Fuir pour continuer à écrire
De la Syrie à la Jordanie, en passant par l’Egypte et la Turquie : le chemin qui a amené Fatten en France est aussi long que l’histoire qu’elle raconte dans sa langue maternelle, l’arabe. À côté d’elle, Omar traduit phrase par phrase dans un anglais approximatif.
Au cours de son récit, Fatten alterne des tons agités avec des pauses qui semblent sans fin, durant lesquelles elle pousse de longs soupirs. À chaque pause, on se demande si elle aura la force de continuer ses confidences. Mais Fatten continue, les mains toujours croisées sur la table, immobile, le regard bas et résigné de celle qui a trop souffert pour s’offrir le luxe d’envisager un avenir plus acceptable.
« Je suis arrivée en France le 5 avril 2018 », commence-t-elle.
Longue pause. En Syrie, Fatten a travaillé comme journaliste, écrivant des articles et des short stories pour un journal national. Elle est également la créatrice de deux séries TV, dont une pour enfants. En 2012, Fatten risque d’être arrêtée en raison de ses articles dans lesquels elle dénonce la condition de la femme en Syrie et est donc contrainte de quitter le pays pour se réfugier en Jordanie.
« Pour m’échapper, j’ai du payer une grosse somme d’argent à la police locale. En Syrie, ça marche comme ça, les gendarmes ferment un œil en échange d’argent ». En Jordanie, les choses ne vont pas mieux pour Fatten : « J’étais dans la rue pendant trois jours, je n’avais pas un endroit où aller et le gouvernement jordanien n’aide pas les réfugiés syriens. Au bout de quelques mois, je n’avais autre choix que de repartir, et j’ai choisi l’Egypte ».

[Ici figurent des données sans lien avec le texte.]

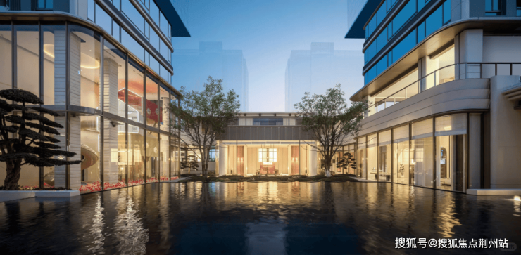 星宜嘉映府对高端生活的理解,始于归家的第一步。社区主入口以伦敦梅费尔瑰丽酒店为设计原型,打造了气势恢宏的酒店式门仪:约200米宽、近7米高的檐口,由16根柱廊构成序列,形成极强的仪式感和昭示性。入口上方的“明瓦灯笼”光影艺术装置,以金色雨棚衔接玉石透光材质,下方映照粼粼水景,将归家瞬间点亮为一场艺术邂逅。

Dire non aux islamistes, ça comporte des risques
En 2012, le Caire ressemble à un autocuiseur prêt à exploser à tout moment. Le régime de Moubarak vient de tomber et la révolte populaire a abouti à l’arrivée au pouvoir du chef de l’armée Morsi, membre des Frères musulmans. Tandis que les forces islamistes s’installent dans la ville comme dans le reste du pays, la vie des journalistes indépendants se complique de jour en jour.
Dans cette jungle de forces divergentes, Fatten est seule: « La ville regorgeait de groupes d’islamistes et certains d’entre eux ont essayé de me recruter, ils m’ont offert une protection en échange de ma coopération à leur cause, mais je ne voulais rien avoir à faire avec eux », dit-elle avec une fierté sans concession dans les yeux.
En quelques mois, la situation s’aggrave.
Menacée par les islamistes à cause de son travail de journaliste, Fatten décide de partir à nouveau pour la Turquie.
« Entre 2013 et 2014, la Turquie était un endroit relativement sûr pour les réfugiés syriens comme moi » témoigne-t-elle. À ce point du récit, Fatten prend une longue pause, regardant ses mains, toujours croisées sur la table, toujours immobiles. Elle plisse les yeux comme pour se recueillir dans une prière intérieure.
Lentement, elle recommence à parler : » Mon fis, Abboud, travaillait comme cameraman entre la Turquie et la Syrie. Il faisait un travail indépendant comme moi. Il a été capturé par Daech « . Fatten fouille dans son sac et sort un stylo et un petit morceau de papier, sur lequel elle écrit en chiffres occidentaux la date à laquelle son fils a été capturé: 26 juin 2013.
Quelques jours après l’enlèvement d’Abboud, Fatten est contactée par Daech via les réseaux sociaux. « Ils m’ont dit qu’ils avaient Abboud et que si j’avais envoyé de l’argent, ils l’auraient peut être libéré, si non ils l’auraient tué ». Quelques jours après, Fatten décide de retourner en Syrie pour chercher son fils, mais sa tentative échoue et elle risque d’être capturée et exécutée par un autre groupe des milices Daech.
De retour en Turquie sans Abboud, Fatten découvre que son bureau de presse a été pris d’assaut par des Turcs proches au régime d’Assad; Fatten se retrouve ainsi sans travail. « La police et les forces gouvernementales turques n’ont rien fait pour m’aider ou pour me protéger », poursuit-elle après un long soupir. Ne pouvant plus travailler, Fatten décide ainsi de contacter le consulat de France à Ankara et obtient un visa français.
Aujourd’hui, Fatten est hébergée à la Maison des Journalistes et attend que l’OFPRA analyse sa demande de droit d’asile. Elle n’a aucune nouvelle de son fils depuis cinq ans.
Souvenir
« Quand je repense à la Syrie, je pense à mon mari, Rateeb : il était un journaliste comme moi et je l’aimais beaucoup, il est mort à 34 ans. Il est la seule belle chose dont je me souvienne ».